Dla mnie również dziwną decyzją było "uśpienie" Ośrodka. Dziwnie się czułem w piątek po południu. Zaparkowałem auto pod Ośrodkiem, wchodzę na dziedziniec, a tam... cisza. Bardzo niepodobne do wcześniejszych edycji Festiwalu. Choć z drugiej strony kilka osób, z którymi rozmawiałem doceniło pomysł zrobienia imprezy na zamku w piątek i sobotę, bez niedzieli. Na wcześniejszych edycjach widać było, że w niedzielę wieczorem wzgórze zamkowe pustoszeje (wiadomo- w poniedziałek do pracy), więc może coś w tym jest. Ale warsztaty zdecydowanie powinny w Ośrodku zostać, tak, by nie biegać po omacku szukając nie wiadomo gdzie.
Otóż to- "od lat wypracowanego schematu". To nie pierwsza, lecz jedenasta edycja, dlatego tym bardziej dziwią mnie takie problemy organizacyjne. Mam nadzieję, że wyjątkowe w tym roku i w kolejnych latach będziemy cieszyć się Festiwalem w pełnej krasie. Bez (zupełnie niepotrzebnych) wpadek i zgrzytów.
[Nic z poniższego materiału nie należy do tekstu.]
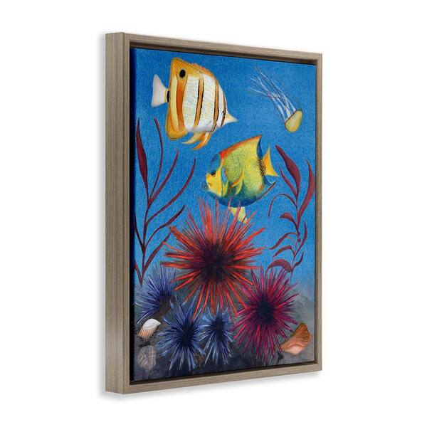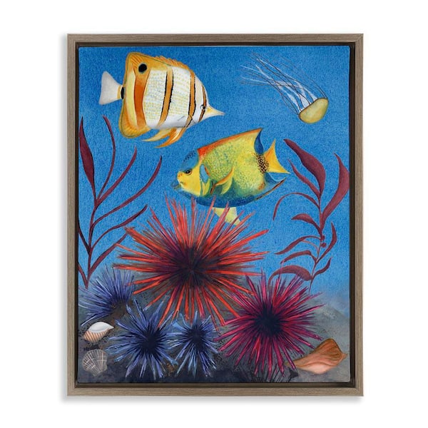 Seafaring Fish and Urchins by Michelle Ingari Designs Brown Floater Frame Animal Graphic Art Print 21 in. x 17 in.

A propos wpadek: ma ktoś informację co się stało z jednym z tancerzy Treblersów? W trakcie jednego układu pośliznął się (?) i blisko było by poleciał ze sceny. Do końca koncertu już nie tańczył (chyba, że coś przegapiłem). Mam nadzieję, że kontuzja nie była poważna i wszystko jest w porządku.-
2 września 2013, 12:59
A propos wpadek: ma ktoś informację co się stało z jednym z tancerzy Treblersów? W trakcie jednego układu pośliznął się (?) i blisko było by poleciał ze sceny. Do końca koncertu już nie tańczył (chyba, że coś przegapiłem). Mam nadzieję, że kontuzja nie była poważna i wszystko jest w porządku.
Lekkie naciągnięcie mięśnia, ale jak napisała mi Marysia Nowak, wszystko już wporządku.
-
-
-
-
2 września 2013, 12:12Ciężko się nie zgodzić z zarzutami stawianymi festiwalowi przez Kuraka, ja jednak chciałem odnieść się do fragmentu relacji dotyczącego nocnych sesji, a który mocno dotyczy nie-muzycznych uczestników sesji.
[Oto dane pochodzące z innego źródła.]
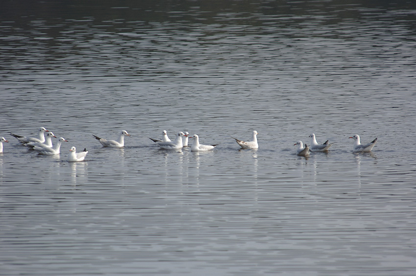 新年の佐鳴湖 沢山の会員等が今年初顔合わせ コガモ カワセミも出現 ユリカモメも多い シジュウカラ等の小鳥類もいます 佐鳴遊探鳥会で認めた主な鳥:カイツブリ、カンムリカイツブリ、カワウ、ダイサギ、コサギ、アオサギ、マガモ、カルガモ、コガモ、ヒドリガモ、ミコアイサ、ユリカモメ、トビ、オオバン、キジバト、カワセミ、コゲラ、ハクセキレイ、シロハラ、ツグミ、ウグイス、シジュウカラ、メジロ、ホオジロ、アオジ、カケス、スズメ等

Kto uczestniczy regularnie w będzińskich sesjach wie, że próżno mnie tam szukać. Mam kilka powodów, aby tam nie grać, a jednym z nich jest brak kultury sesji muzycznej. Tegoroczna edycja była mniejsza na tyle, że nie dało się tego aż odczuć, ale apogeum zostało osiągnięte na zeszłorocznej edycji, kiedy to muzycy musieli uspokajać zebrany w salce tłum (przypominam, wtedy na sesji był Flook).
Autor relacji "zarzuca" muzykom, że usiedli w kręgu (niektórzy z nich plecami do tancerzy), przez co było ich słabo słychać. Wyjaśniam - zrobili to dlatego, że sami siebie nie słyszeli! Na "szum" panujący w sali składają się zarówno tancerze, osoby uprawiające "pubowy social" (stojące z piwkiem i rozmawiające), jak również wszystkie inne przypadkowe dźwięki (przestawiane krzeseł, tłuczone szkło, itp. itd.). Wszystko to sprawia, że grający akustycznie muzycy, często dysponujący instrumentami o różnej dynamice, "walczą" o uchwycenie każdego dźwięku.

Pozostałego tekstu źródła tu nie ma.